Trail along Mount Chiak finally opens after five years of work
A 140-kilometer-(86.9-miles) long walking trail around Mount Chiak is finally completely open, after about five years of paving the paths.
The news is especially welcomed by hikers because this particular mountain is known for two things: it is one of the most difficult mountains to hike in Korea because of its steeps trails and it has some of the most breathtaking views in the country. Those who have hoped of experiencing all that Mount Chiak has to offer can now avail of the newly paved paths and an easier access.
Called Mount Chiak’s Dulle-gil, the trail has a total of 11 courses. Of the 140 kilometers, Wonju city of Gangwon is home to about 104.5 kilometers. It also passes through Yeongwol County and Heongseong County in Gangwon. Wonju took the lead to make the new trail, however the other two counties also gave their support. While other dulle-gils, (which can be translated to circular roads) especially the Mount Jiri Dulle-gil which circles around the mountain range, remain inside national parks, the dulle-gil at Mount Chiak goes in and out of the perimeters of the national park. The trail takes hikers to low mountains neighboring Mount Chiak and even goes through the city of Wonju and other small villages in the mountains to offer a variety of scenes.
The first three courses have been open since 2019 and because they lie within the national park, they are relatively well known already. Trails No. 4 to 11 are all new and were first opened last month. The JoongAng Ilbo, an affiliate of the Korea JoongAng Daily, checked out trails No. 8, 9, 10 and 11 to see what they had to offer.
Trail No. 8 starts from Yongsomak Cathedral, a cultural heritage designated by Gangwon provincial government. It was built in 1904 and its original shape remains intact after a century. At one corner inside the cathedral, there are some artifacts which were preserved by priest Seon Jong-wan, a forerunner in translating the Bible and other scriptures.

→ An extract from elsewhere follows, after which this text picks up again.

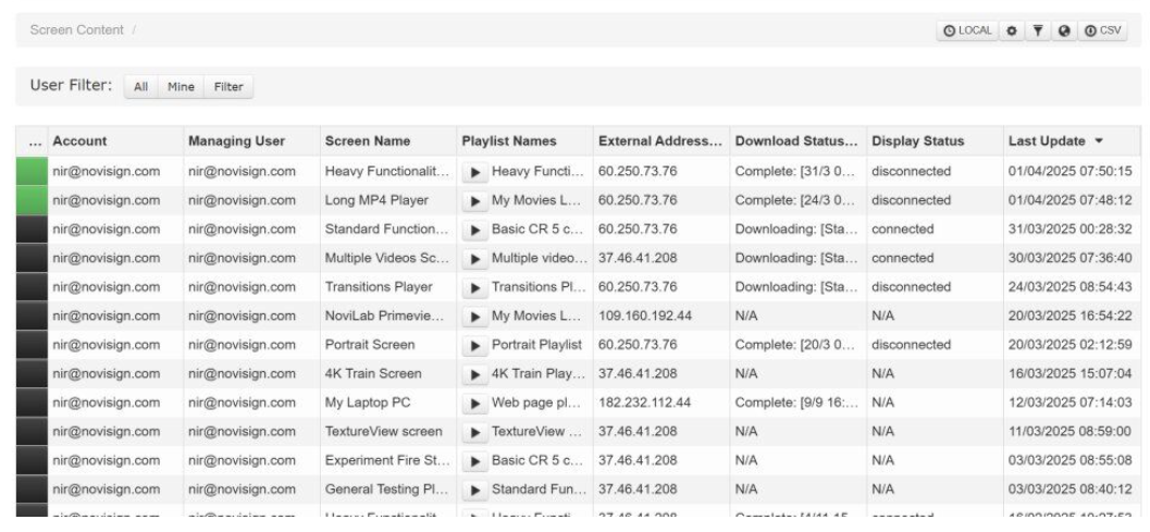 - Screen Content – this is your screen monitor which shows you the live status of all your displays in the last 24 hours (while all other reports will show what’s been going on in your displays beyond the last 24 hours). It is the most important tool in the reports module. Except filtering like any other report, you have a CSV export button (please remember that the exported CSV has much more data than what you see in the monitor, i.e. app version, OS type, OS version, etc.).

The trail leads hikers west toward Mount Guhak. You will pass Hanguk Temple and eventually arrive at the Guhak observatory. Some trees were cut down to make the trail to the observatory, and that also provides an open view of the area, including of the villages of Sinnim-myeon as well as Mount Chiak's Biro Peak. Make sure you are well protected from the sun as it is difficult to find shade along this trail.
Mount Guhak, whose ranges are in both Wonju and Jecheon of North Chungcheong, offers its own dulle forest trail, which was opened five years ago. Mount Chiak’s dulle-gil utilized parts of the existing trail of Mount Guhak, as well as paved some new trails to make the walking experience more convenient and comfortable.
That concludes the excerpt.